How the 720S reshaped its rivals
The shockwaves from the 720S’s performance have been felt well beyond McLaren’s own showroom. When a dealership that lives and breathes Stuttgart’s finest compares a 2023 Porsche 911 to the 720S and concedes that the McLaren is more of an engineering marvel than anything else, it is a sign of how far the British car has shifted expectations. That comparison highlights how the 720S’s incredible performance numbers and technology, including features like active aerodynamics and hybrid drivetrain integration in the broader McLaren family, set a new bar for what a modern supercar should offer. Reading that comparison with the 2023 911, I am struck by how naturally the 720S is treated as the reference point rather than the upstart.
The car also forced McLaren itself to evolve. When the company introduced the 765LT, it did so in the shadow of a model that nobody would ever accuse of being slow, a 710-horsepower supercar that already punched far above its weight. The 765LT had to be meaner, lighter and more focused precisely because the 720S had blurred the line between supercar and hypercar so effectively. That context is clear in the way the Nobody description of the 765LT frames the 720S as the starting point for something even more extreme, rather than a car that needed rescuing from mediocrity. In other words, the 720S did not just slay giants, it forced them, and its own successors, to get stronger.

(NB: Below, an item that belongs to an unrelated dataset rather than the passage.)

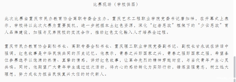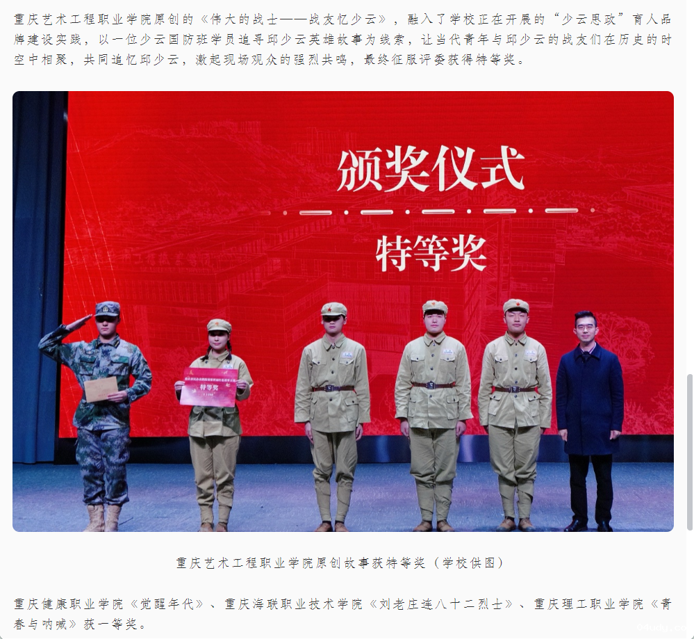 央广网:第四届红色故事大赛举行 重艺原创故事获特等奖 阅读:次 更新时间: 2025-11-25 摄影:| 编辑:liaobing 原文链接:https://apicnrapp.cnr.cn/html/share.html?id=30402887&ui=b1MIJwm7mNzPjysH0Nk6efkithJ6XPxxgpO92JQXASO+B60kxY2LM+8SQ0uIF+PG&action=share&type=1 上一篇:新华社:第四届红色故事大赛成功举行 原创少云故事获特等奖 下一篇:重庆市高等教育学会:重庆民办高职院校第四届红色故事大赛 奏响“思政教育+故事宣讲”立德树人乐章 分享到

A legacy that still looms large
Even as newer models like the 750S arrive, the 720S’s influence is hard to miss. The newer car is pitched as the ultimate purebred supercar, yet its creators openly acknowledge that they are building on a platform that already had a serious class‑leading edge in power‑to‑weight ratio and everyday usability. When I look at how the 750S refines the formula, trimming weight and sharpening responses, I see a quiet admission that the original recipe was so effective it only needed seasoning, not reinvention. The way Plus and All this makes it one of the most complete supercars ever created could just as easily be read as a tribute to the groundwork laid by the 720S.

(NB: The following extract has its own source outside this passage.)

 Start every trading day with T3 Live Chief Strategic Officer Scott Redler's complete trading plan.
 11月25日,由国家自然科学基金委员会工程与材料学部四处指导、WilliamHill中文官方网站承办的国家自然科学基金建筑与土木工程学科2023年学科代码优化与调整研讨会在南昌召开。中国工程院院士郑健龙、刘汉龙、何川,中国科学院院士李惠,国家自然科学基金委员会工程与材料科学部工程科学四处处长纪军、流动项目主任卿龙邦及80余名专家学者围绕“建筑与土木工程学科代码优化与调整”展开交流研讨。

For McLaren, that groundwork translated into a straight dash to the finish while everyone else battled for second place in the supercar market, a dynamic that was especially clear when commentators looked back on the 720S’s dominance. Jan assessments that opened with the phrase For Mclaren, it is a straight dash captured how decisively the car reset expectations, and how rivals were left scrambling to respond. When I think about the 720S today, I do not just see a fast McLaren, I see the moment a “mere” supercar started routinely humbling the giants that were supposed to sit above it, and in doing so quietly rewrote the rules of the performance car game. That is how a sleek, carbon‑tubbed coupe from Woking became the giant killer no one saw coming, and why its shadow still stretches across every new supercar that dares to claim the crown.